Als McQueen die Anteile an seinem eigenen Label für 20 Millionen Pfund an die Gucci-Group verkauft, 2001, gehört Kate schon zu den reichsten Frauen Englands, so ziemlich gleich nach der Queen. Im Jahr 2002 kommt dann Töchterchen Lila Grace zur Welt, der Vater ist Mitverleger der hippen Modezeitschrift „Dazed & Confused“ – es scheint, dass die zarte Kate nun angekommen ist im wirklichen Leben. Aber auch diese Beziehung scheitert. Dann trifft sie Pete Doherty. Er ist Gast auf ihrer Geburtstagsparty. Doch schon bald darauf verkaufen seine „Freunde“ intime Fotos des frischgebackenen Liebespaares an die Presse. Das geht nicht lange gut. McQueen hat auch nen Neuen, einen Australier, der geht bald und wird von einem Pornostar, „Mr.Stag“, ersetzt, aber das ist schnell vorbei. Auch Scheitern verbindet.

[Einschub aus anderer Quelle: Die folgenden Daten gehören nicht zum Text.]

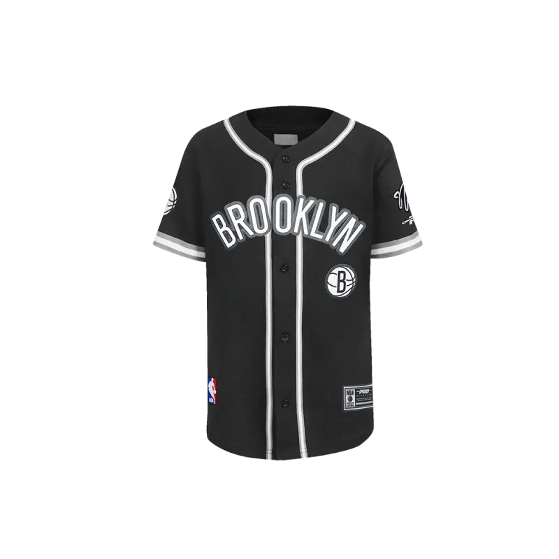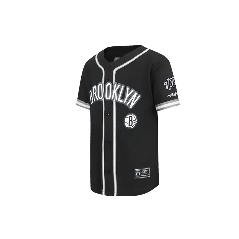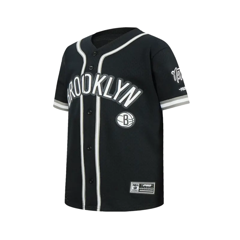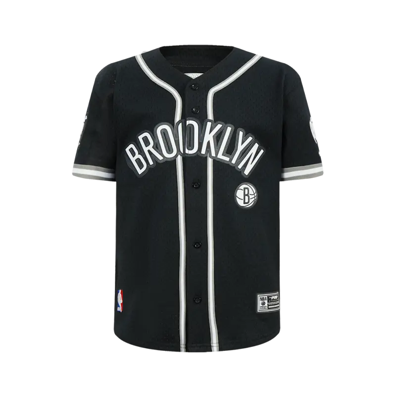 NBA BROOKLYN NETS CLASSIC BIG BOYS MESH BUTTON DOWN SHIRT (BLACK\/GRAY)

Kates Koks-Skandal? Der ist ganz schnell vergessen, sie ist schon im September 2006 „hotter den ever“, sie landet zehn lukrative Anzeigenkampagnen und wird einfach immer nur noch reicher.
Und Alexander? Er ist auf der Höhe seines Ruhms, seine letzte Schau, ein zerfetzter Fashion-Abgesang, symbolhaft für die Wirtschaftskrise, wird frenetisch gefeiert. Doch er, der unumschränkte Star, ist ganz allein. Noch vor Kurzem soll er gesagt haben, die Mode interessiere ihn nicht mehr. Als am 2.Februar seine Mutter stirbt, stürzt er in die Finsternis. Wo sind sie denn jetzt, all seine „Freunde“?
Die Polizei findet einige Abschiedsbriefe in der Wohnung des Selbstmörders. Einer davon ist sicher an Kate.